35.974701244538, -78.904001690521
From the National Register Historic District description:
One of a number of stone houses in the district, this one-and-a-half-story, side-gabled Period Cottage is three bays wide and triple-pile with flush eaves. The house features mostly replacement slider windows, though original diamond-pane casement windows flank a picture window on the left (east) end of the façade. Near the center of the facade is a prominent, front- facing, stone chimney with a glass block window to its right (west). At the far right end of the façade is a projecting, front-gabled entrance bay with a three-light-over-three-panel door with classical surround with fluted pilasters and a broken pediment.
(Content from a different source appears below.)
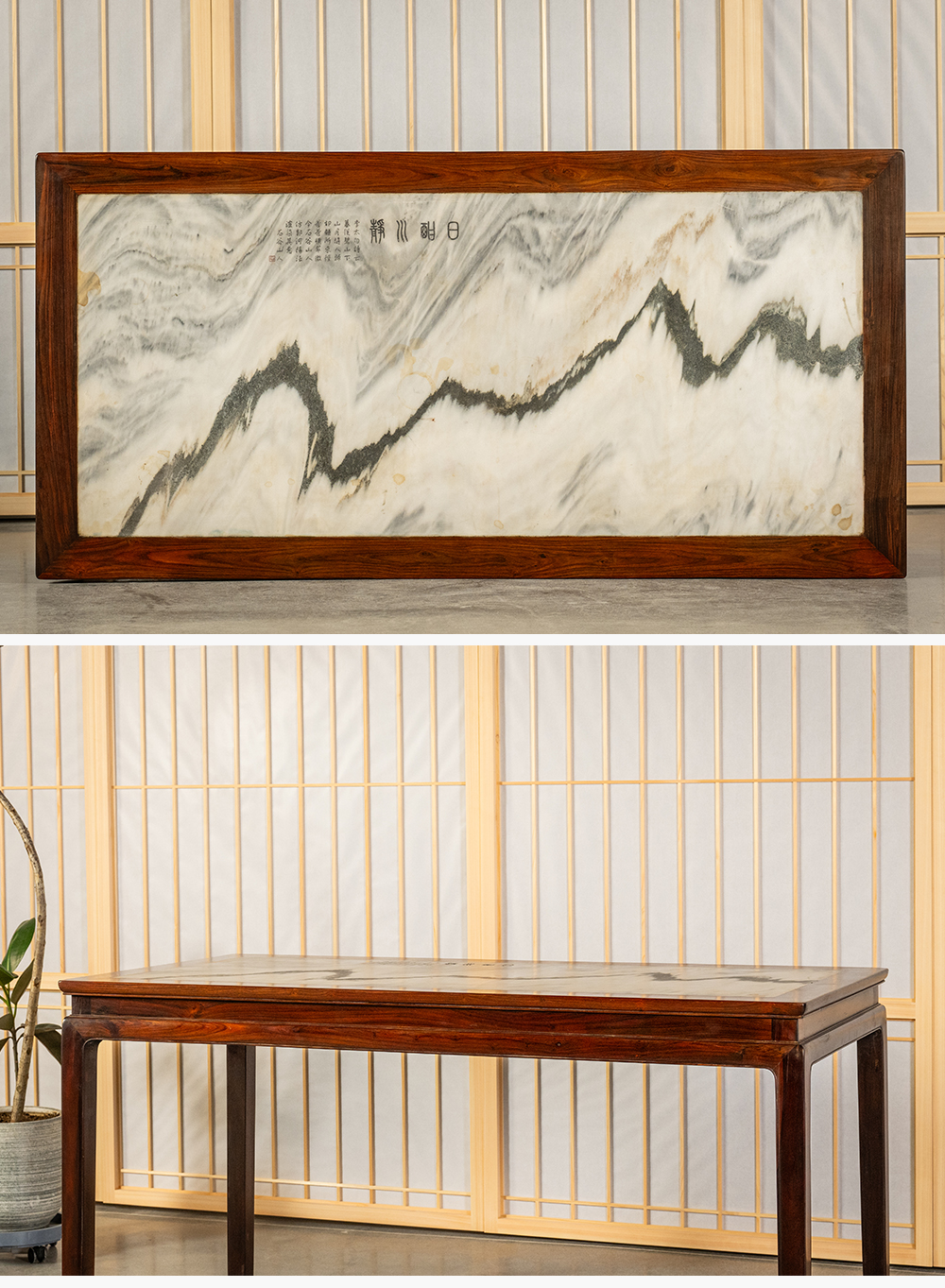 清 红木嵌螺钿镶云石大案屏

The entrance is accessed by a modern, uncovered wood deck that extends across the right two bays of the façade. Two gabled dormers on the façade have aluminum siding and replacement windows. There is an interior stone chimney and the right elevation features a glass block window and an exterior brick chimney near its rear. A one-story, shed-roofed frame wing extends from the right rear (southwest) with plain weatherboards and paired windows. A loose-stacked stone wall extends across the front of the property. County tax records date the house to 1948 and the earliest known occupants are Whitley W. Bolden, a representative for NC Mutual Life Insurance Company, and his wife, Ruthy Bolden, in 1950.